GeneZilla is highly reconfigurable.  There are many parameters which you can adjust in order to improve the performance of the gene finder.  These parameters are read from several files when GeneZilla executes:

file
description
*.iso
This file contains a table listing the *.cfg file for each isochore (by G+C%).
*.cfg
This is the primary configuration file.  It Contains most of the parameters that you might want to modify.  There is one *.cfg file for each isochore.
transition probabilities file
The name of this file is specified in the "transition-probabilities" section of the *.cfg file.  It specifies the probabilities of transitioning between particular states in the GHMM.
topology definition file
This file defines the model topology of the GHMM.  It specifies which states have transitions to each of the other states, which phases each signal can occur in, and several other pieces of information which are generally not very useful to modify.


The figure below illustrates the structure of the *.iso file.  After determining the G+C content of the sequence to be annotated, GeneZilla reads the appropriate configuration file (*.cfg):



Each *.cfg file in turn refers to several other files from which the gene finder loads parameters and statistical models.   Here is an example of a *.cfg file:


##############################################################
#
# basic configuration file for GeneZilla
#
#############################################################

donor-model = donors.model
donor-consensus = GT
acceptor-model = acceptors.model
acceptor-consensus = AG
start-codon-model = start-codons.model
start-codon-consensus = ATG
stop-codon-model = stop-codons.model
stop-codon-consensus = TAG|TGA|TAA
polya-model = polya.model
polya-consensus = AATAAA|ATTAAA
promoter-model = TATA.model
promoter-consensus = TATAAA|TATATA|CATAAA|CATATA
initial-exons = initial-exons.model
internal-exons = internal-exons.model
final-exons = final-exons.model
single-exons = single-exons.model
initial-exon-lengths = initial-exons.distr
internal-exon-lengths = internal-exons.distr
final-exon-lengths = final-exons.distr
single-exon-lengths = single-exons.distr
mean-intron-length = 1294
mean-intergenic-length = 10000
mean-5'-UTR-length = 769
mean-3'-UTR-length = 457
introns = introns.model
intergenic = intergenic.model
3'-UTR = three-prime-utr.model
5'-UTR = five-prime-utr.model
transition-probabilities = trans0-100.txt

Note that anything following a # is ignored, so you can comment out lines while you experiment with alternative settings for the parameters.

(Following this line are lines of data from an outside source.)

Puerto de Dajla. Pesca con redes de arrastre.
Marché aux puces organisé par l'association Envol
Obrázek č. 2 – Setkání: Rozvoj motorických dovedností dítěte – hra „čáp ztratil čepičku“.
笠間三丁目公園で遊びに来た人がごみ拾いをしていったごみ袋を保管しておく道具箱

The *.model files contain the statistical models which are used in the states of the GHMM to score the various parts of a prospective gene model.  The best way to modify the *.model files is to re-train those models.  However, one simple modification which you can make to the model files directly is to alter the threshold value on the third line of the signal models (ie., donors, acceptors, start-/stop-codons, promoters, poly-A signals).  Lowering this value generally results in more signals of that type being found by the gene finder, but can increase the false-positive rate.

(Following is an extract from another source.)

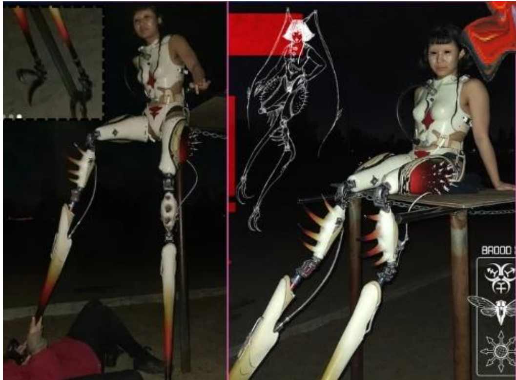
Figura 9 - Arte protética “New Bones”.

The consensus tags, such as donor-consensus or acceptor-consensus, specify the sequence tags which are scored as possible signals when they are encountered in the substrate sequence.  If your organism uses non-canonical splice sites, you might try adding these into the list (separating consensus tags with a vertical bar (|)).  However, if these non-canonical consensus sequences occur with low frequency, then adding them may increase the false-positive rate.

The *.distr files contain exon length distributions.  These files are best changed via re-training.

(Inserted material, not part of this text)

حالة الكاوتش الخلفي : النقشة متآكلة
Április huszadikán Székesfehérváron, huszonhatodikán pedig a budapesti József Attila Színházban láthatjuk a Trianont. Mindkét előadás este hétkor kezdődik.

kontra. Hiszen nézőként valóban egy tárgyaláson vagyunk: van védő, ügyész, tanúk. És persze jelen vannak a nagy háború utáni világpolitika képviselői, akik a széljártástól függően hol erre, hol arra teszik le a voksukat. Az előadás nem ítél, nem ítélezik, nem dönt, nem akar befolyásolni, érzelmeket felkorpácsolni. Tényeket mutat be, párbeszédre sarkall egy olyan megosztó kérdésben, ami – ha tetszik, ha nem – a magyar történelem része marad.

The mean non-coding length parameters influence the scores of prospective non-coding regions based on their lengths.  These mean values are used to induce a geometric distribution, which is then used to assess the probability of a non-coding segment.

The transition probabilities file lists the probabilites of transition between given states of the GHMM.  By modifying these parameters you can influence how many exons and/or genes are predicted by the gene finder.